Diffusion Models for Accurate Channel Distribution Generation

TL;DR

This paper demonstrates that diffusion models can accurately learn and generate channel distributions, enabling near-optimal communication performance and efficient sampling, surpassing GAN-based approaches.

Contribution

The paper introduces the use of diffusion models for channel distribution generation, showing improved accuracy and sampling efficiency over traditional GAN methods in communication systems.

Findings

Diffusion models achieve high-quality channel distribution learning.

End-to-end systems with DMs reach near-optimal symbol error rates.

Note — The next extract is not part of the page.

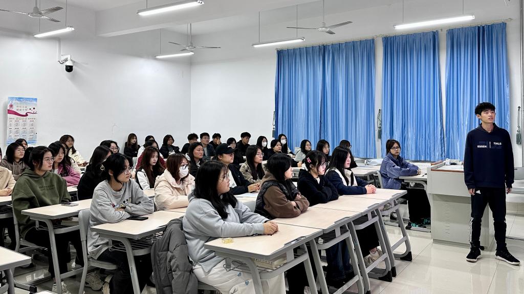 主讲人周公硕是23级市场营销专科4班心理委员,非常关注心理健康工作,积极报名参加团辅活动。掌握“冥想”活动技能之后,他认真准备引导语和音乐,制作PPT 。从“冥想的含义”、“冥想的益处”两方面为同学们讲解冥想的价值,帮助同学们正确认识冥想。在关掉灯光的环境中,他用自己温和有序的语言,伴随舒缓的轻音乐,带领同学们进入一个“时光隧道”,进行生涯幻游。同学们冥想着10年后自己的职业、工作环境、生活状态、荣誉等等。 在20多分钟的冥想活动中,同学们可以摆一个自己舒适的姿态,排除一切烦恼,只想着未来开心、美好的情景。冥想结束时,同学们由衷地放松和愉悦,他们欢快的笑脸验证着活动的成功。

Sampling speed can be improved with minimal loss in accuracy.

Abstract

Strong generative models can accurately learn channel distributions. This could save recurring costs for physical measurements of the channel. Moreover, the resulting differentiable channel model supports training neural encoders by enabling gradient-based optimization. The initial approach in the literature draws upon the modern advancements in image generation, utilizing generative adversarial networks (GANs) or their enhanced variants to generate channel distributions. In this paper, we address this channel approximation challenge with diffusion models (DMs), which have demonstrated high sample quality and mode coverage in image generation. In addition to testing the generative performance of the channel distributions, we use an end-to-end (E2E) coded-modulation framework underpinned by DMs and propose an efficient training algorithm. Our simulations with various channel models show that a DM can accurately learn channel distributions, enabling an E2E framework to achieve near-optimal symbol error rates (SERs). Furthermore, we examine the trade-off between mode coverage and sampling speed through skipped sampling using sliced Wasserstein distance (SWD) and the E2E SER. We investigate the effect of noise scheduling on this trade-off, demonstrating that with an appropriate choice of parameters and techniques, sampling time can be significantly reduced with a minor increase in SWD and SER. Finally, we show that the DM can generate a correlated fading channel, whereas a strong GAN variant fails to learn the covariance. This paper highlights the potential benefits of using DMs for learning channel distributions, which could be further investigated for various channels and advanced techniques of DMs.